As your business grows, so do your packaging requirements. More the products sell, the more packaging material is used. This gives you an opportunity to use your packaging wisely to your advantage as well as your consumer’s. A third very important view would be using your packaging for the benefit of the whole world. After it has served its purpose, which is, deliver the product to the customer, Packaging of a product generally becomes waste. As a responsible citizen of the word, everyone including your business should be looking to reduce waste. If you are not already, you should be looking for sustainable packaging solutions. They be called environmental friendly, Eco-friendly or sustainable packaging, but the basic principle is same, that is to reduce the consumption of resources used for packaging the product. PricewaterhouseCoopers conducted a study to understand the impact of sustainable packaging on the industry. Detailed report can be read here. As per the report, the pressure for sustainable packaging will continue to increase on the industry. There will be regulations that the industry will need to follow to ensure sustainability. The industry also needs to be more proactive to define what makes a packaging sustainable and how the sustainability should be measured.

 

So, what is sustainable packaging?

While there is no single definition or description that is accepted globally, sustainablepackaging.org has tried to describe what constitutes sustainable packaging.

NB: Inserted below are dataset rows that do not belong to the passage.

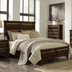 Transform your bedroom with the transitional style of the Steve Silver Co. Timber Storage Platform Bed. This platform bed requires no bed spring. It features a support system of slats to keep your mattress (not included) firmly in place for nightly comfort. Its construction from hardwood solids and acacia veneers is durable and crafted with precision. This bed includes two drawers at its foot that are perfect for stowing extra bedding or seasonal clothing items. With its rich chestnut finish, the bed promises to pair beautifully with existing dΓ©cor.
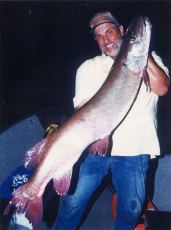 After a deep, bulldogging fight the big fish came near the surface, and my partner Mike Zielonkia scooped it up in my magnum Beckman net. The monster was 53 1/2-inches long and over 40-pounds.
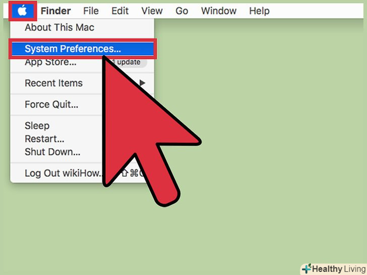 Відкрийте Системні налаштування. натисніть на іконку яблука в лівому верхньому кутку екрану. Виберіть < span class="nowrap" title= " This is not a clickable button; it illustrates the button one should find." style="font-family: Segoe UI, Frutiger, Frutiger Linotype, Dejavu Sans, Helvetica Neue, Arial, sans-serif;letter-spacing:0px;padding:0em .6em; border:1px solid; border-color:#AAA #555 #555 #AAA; -moz-border-radius: 0px; -webkit-border-radius: 0px; border-radius: 0px; background-color: #F2F2F2; background-image: -moz-linear-gradient(top, #FCFCFC, #E0E0E0); background-image:-o-linear-gradient(top, #FCFCFC, #E0E0E0); background-image:-webkit-linear-gradient(top, #FCFCFC, #E0E0E0); background-image: linear-gradient(top, #FCFCFC, #E0E0E0);">Системні налаштування з меню, що випадає.- Якщо Системні налаштування вже були відкриті, закрийте їх і знову відкрийте при затиснутих клавішах.
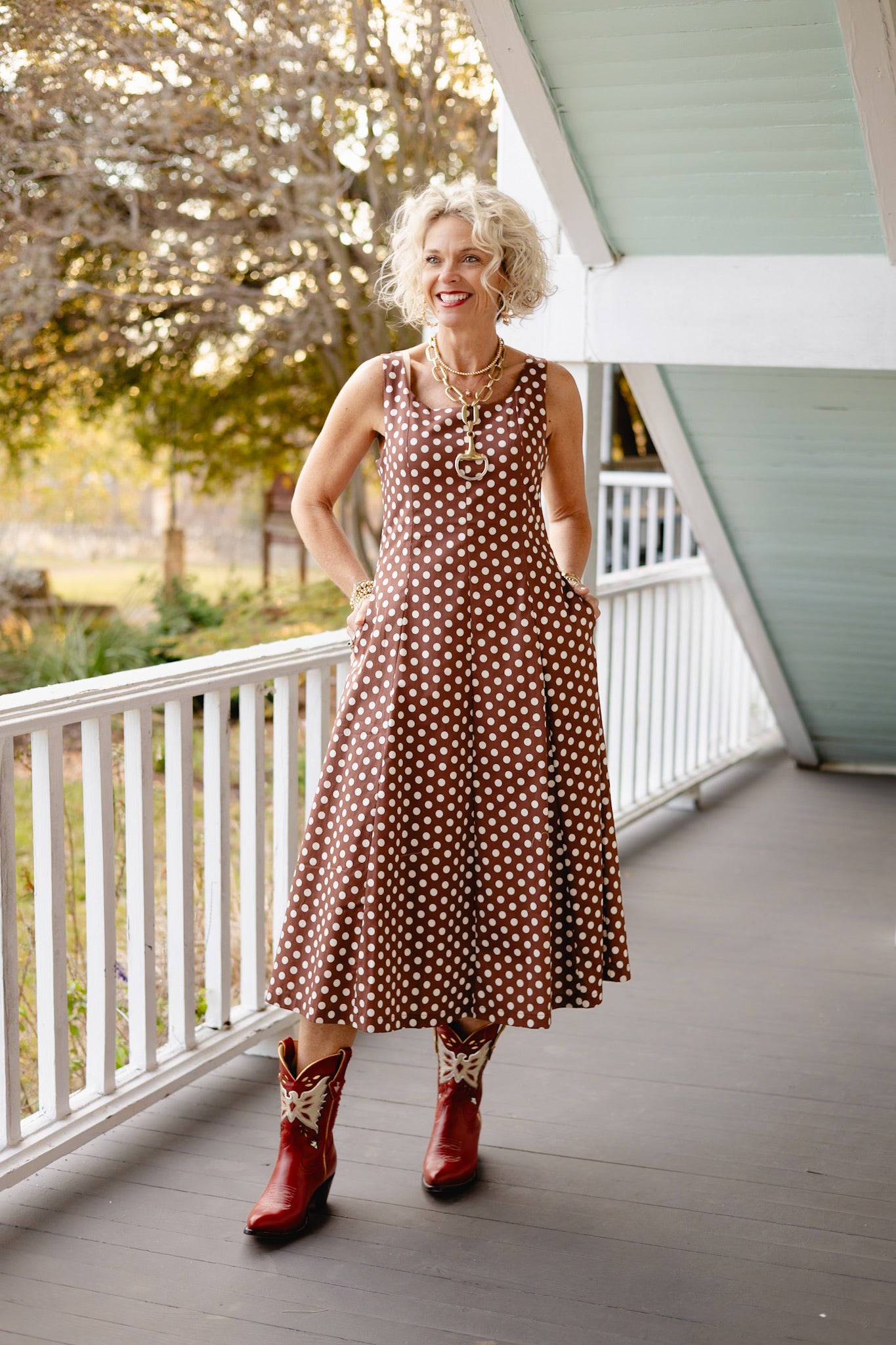 Effortless elegance meets fun with this ivory midi dress featuring a charming black polka-dot pattern. The sleeveless silhouette and flattering scoop neckline create a versatile look perfect for brunch dates, garden parties, or casual outings. The midi length offers timeless appeal while the playful dots add just the right touch of personality. Dress it up with heels and jewelry or keep it relaxed with sneakers—this piece transitions seamlessly from day to night.

The key elements of sustainable packaging are

 

  • It is safe & healthy.
  • It meets market criteria for performance and cost.
  • It optimizes the use of renewable or recycled source materials and uses renewable energy.
  • It is physically designed to optimize materials and energy required for manufacturing the packaging.
  • It is effectively recovered and utilized in biological and/or industrial closed loop cycles.

 

Sustainable packaging is not only socially desirable but has business advantage as well. Let’s look at some of the benefits of adopting sustainable packaging.

 

Marketing Advantage/Reputation Boost. This is the one that has direct impact on your top line. Businesses that use environmental friendly practices generally have more favourable image in the market place. Increasing number of consumers are becoming environmentally conscious. When a brand makes an investment in environment friendly practices, it not only boosts its image amongst existing customers, but also gains new customers who are concerned about the environment. When customers, see a firm making a firm commitment to the environment, they want to support that brand. Most of the environment conscious consumers are very active on social media and social media, today, is a very important marketing platform. Imagine the kind of free advertising that you will get when these people talk about your brand. Moreover, many NGOs and Government agencies publish list of preferred companies or highlight the companies that have demonstrated the commitment to sustainability. The consumer activists are always looking at these sources and share their leanings on social media. Moreover, the newer sustainable materials increase the shelf life of many products, keeping them fresh for longer. (think cling film for vegetables) Many customers feel less guilty throwing away the packaging as it is now sustainable and doesn’t contribute to pollution (at least not to a very high extend).

 

Reduced resource consumption. Increasingly the companies that use recycled or sustainable options for packaging are discovering that it also comes with an added cost advantage. It is one of the known facts that sustainable packaging focuses on recycled material which leads to reduced consumption of precious, non-renewable resources. Redesigning the packaging to use lesser material and more compact shape helps in further reducing the use of that material. The key objective here is to reduce overall resource consumption, by reducing the amount of packaging used and reducing the energy used to produce them. Compact shapes translate into lesser space used for transporting, translating into more products being transported for same space and thus reducing the fuel or transportation cost. Given these facts, the investors and analysts have started loving the sustainable packaging options.

 

Reduced Storage. As discussed when using sustainable packaging, one the key objective is to reduce the amount of packaging used. Smaller packaging means reduced storage requirements leading to smaller bins and smaller warehousing requirement. This leads to savings in logistics not only for the supplier but also for the consumer. (Consumers need smaller space in their homes to store the product). Subsequently, the sustainability also helps by increasing warehouse productivity and reduces labour costs. Sustainable packaging also helps in disposing off the empty packaging/packaging. Smaller packaging is always easier to dispose and not to forget, it is easily processed (being sustainable). This reduces the overall disposal cost of packaging material.

 

Corporate Social Responsibility (CSR). Today, every business is required to do CSR activities. Be it reduced energy consumption in terms of heating, cooling or electricity, water, paper and other resources. Sustainable packaging furthers that cause and can be used to present the company as socially responsible one. You help reduce the carbon footprint of not only your company, but also that of your customers, your logistics providers and society at large.

 

Thus, sustainable packaging is a must that companies need to focus on; both for environment and their own benefit.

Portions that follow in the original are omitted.